### Given information
╔══

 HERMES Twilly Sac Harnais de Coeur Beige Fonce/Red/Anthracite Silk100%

╚══
╔══

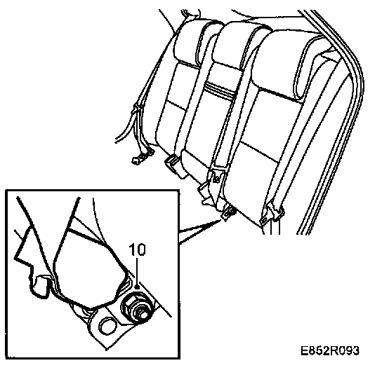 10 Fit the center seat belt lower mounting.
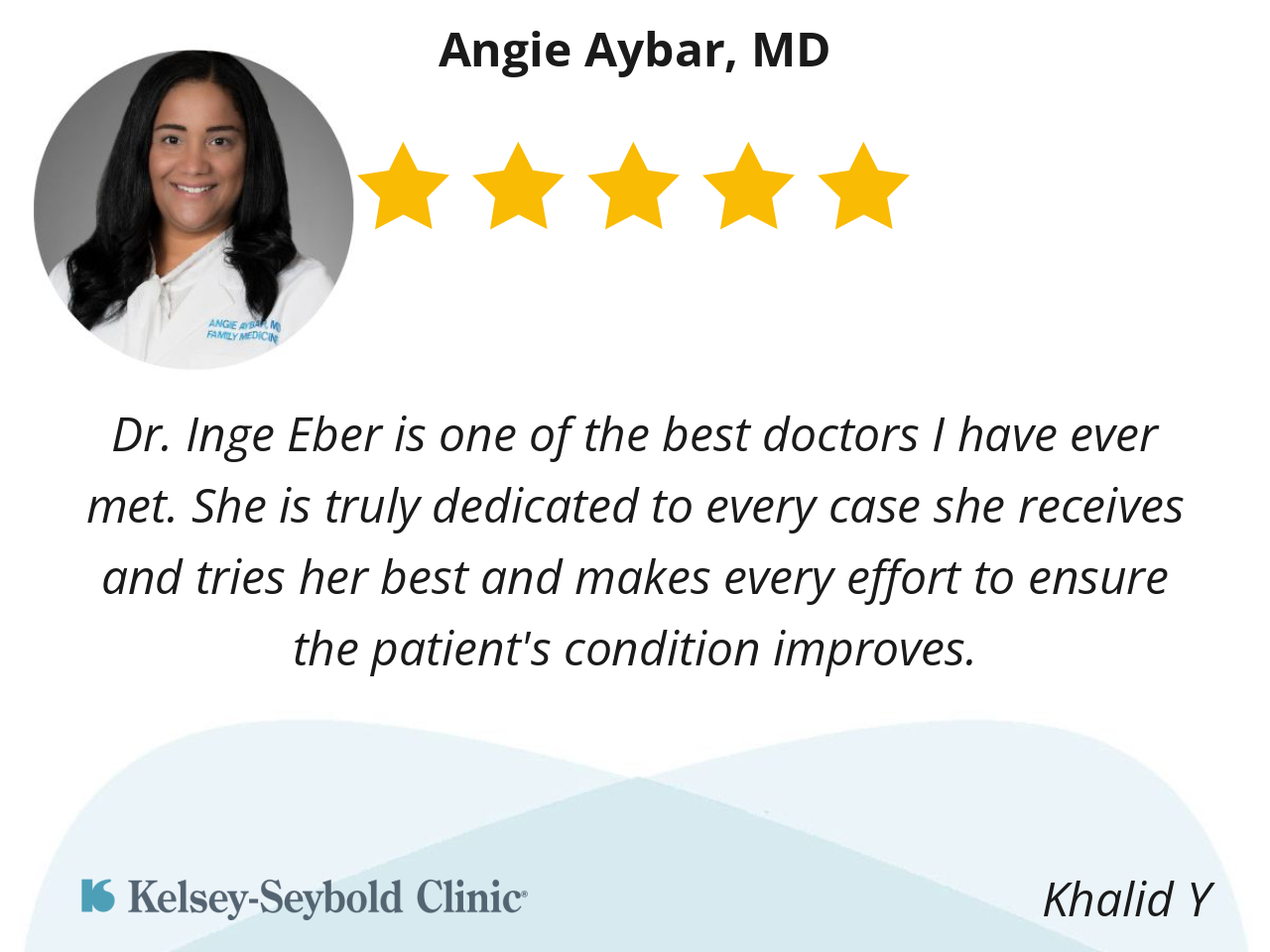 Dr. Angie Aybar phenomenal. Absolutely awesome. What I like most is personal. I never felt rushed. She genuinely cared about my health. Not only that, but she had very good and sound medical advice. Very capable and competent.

╚══

Using the data above, give again exactly the lines starting at the one holding "10 Fit the center seat belt lower mounting." and ending at the one holding "Dr. Angie Aybar", inclusive, and nothing more. Omit the pictures.

 10 Fit the center seat belt lower mounting.
 Dr. Angie Aybar phenomenal. Absolutely awesome. What I like most is personal. I never felt rushed. She genuinely cared about my health. Not only that, but she had very good and sound medical advice. Very capable and competent.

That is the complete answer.